|A Tough Climb for Georgia's Trains|
|April 18, 2012|
By HESTER PLUMRIDGE
The last time U.K. investors were offered shares in a rail operator was the Railtrack IPO in 1996. That experience didn't end well: The U.K. group was placed into administration in 2001 and liquidated the following year. But that hasn't deterred the government of Georgia from plans to float 25% of its national-railway group in London next month. Georgian Railway looks promising, but skeptical investors could find plenty of reasons not to climb aboard.
Georgian Railway's main business is carrying oil from Kazakhstan and Azerbaijan, the former forecast to be one of the world's fastest-growing oil producers until 2035, to the Black Sea Coast. From there, onward shipping routes to Europe are an alternative to transport through Russia. It is also expanding its freight capacity for industrial goods and building a new line to Turkey. The business is a monopoly setting its own prices: Operating margins of 54% are among the rail industry's highest. Earnings rose 72% to $104 million last year.

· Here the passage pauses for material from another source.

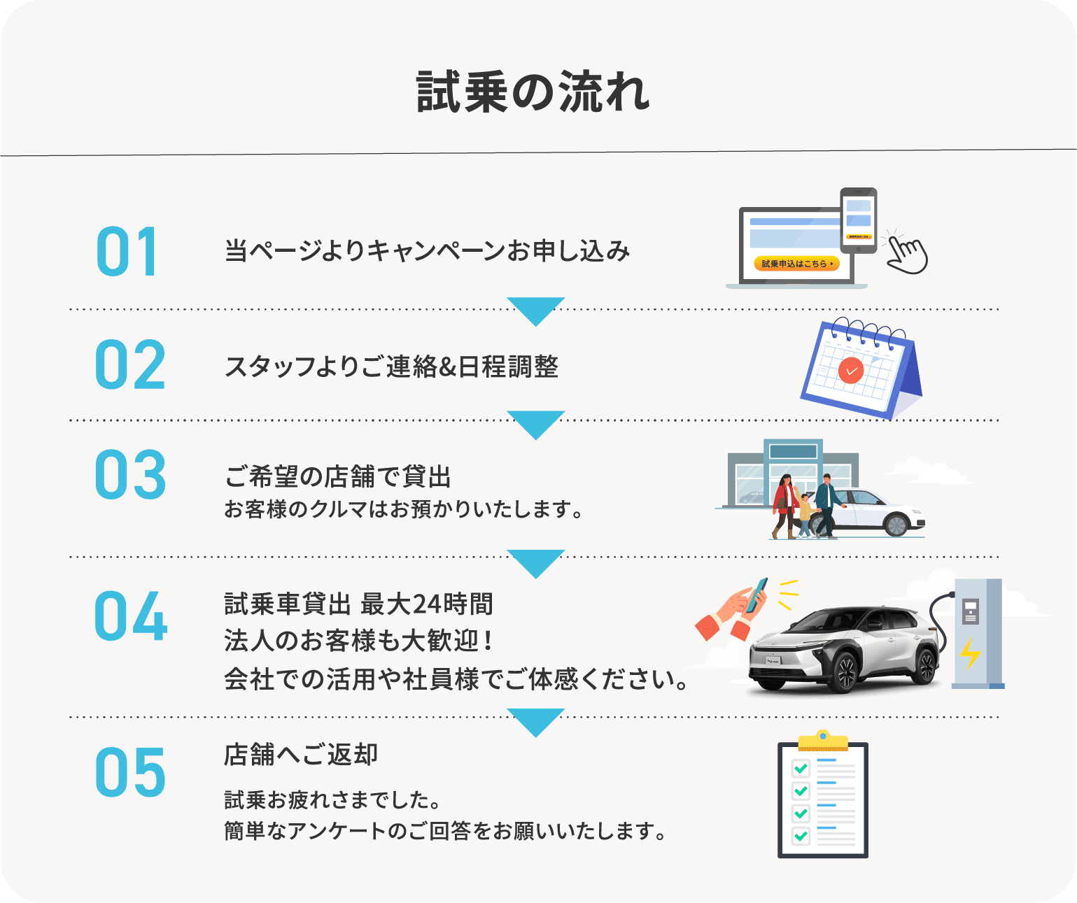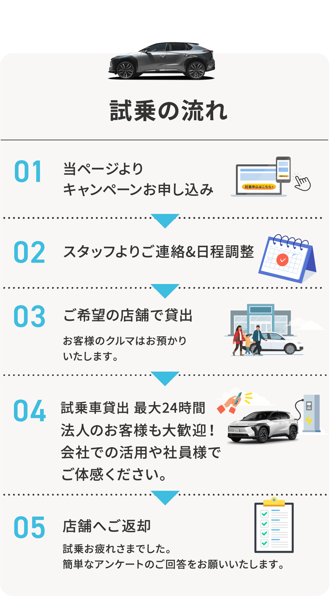 2.指定の店舗へ貸出期間中にご来店の上、借受・返却ができる方、試乗終了後にアンケートにご回答いただける方に限ります。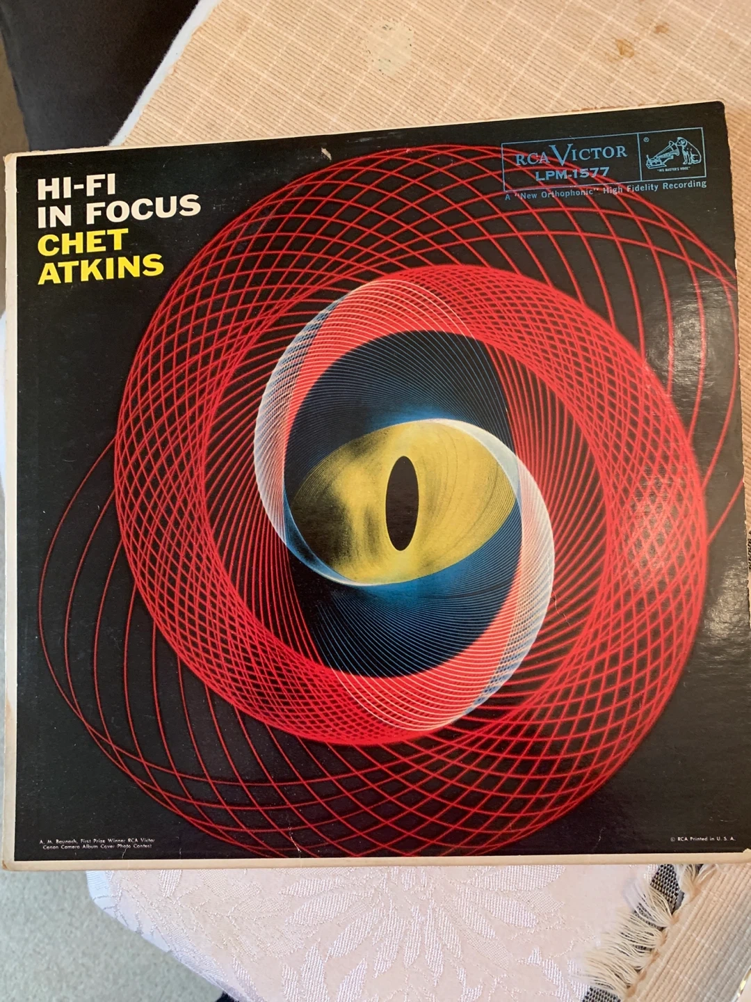 Selling a Chet Atkins vinyl record, titled "Hi-Fi in Focus" on the RCA Victor label. It's LPM-1577, a "New Orthophonic" High Fidelity Recording. A cool vintage find!

But it is no investment for the faint-hearted. Governments can change, and impose new pricing curbs. Georgia's relations with Russia and its breakaway regions South Ossetia and Abkhazia remain strained. A conflict in 2008 damaged rail assets. New oil pipelines could steal Georgian Railway's traffic. Its corporate governance doesn't yet comply with the U.K.'s code. And while currency risk is capped by hedging and charging its customers—including HeidelbergCement HEI +0.08% and BP BP.LN +0.25% —in dollars, it can't be eliminated entirely.
Of course, much depends on the price. Based on the lower end of valuations for peers including Russian group Globaltrans GLTR -0.06% and freight specialist Global Ports,which trade at around six to eight times forward Ebitda, a float could raise around $250 million, valuing Georgian Railway at about $1 billion. North American railroad operators like Canadian Pacific Railway CP -0.40% trade at nearer 10 times. Having shelved a planned IPO last year due to poor market conditions, Tbilisi mustn't be greedy if it is to keep this effort on track.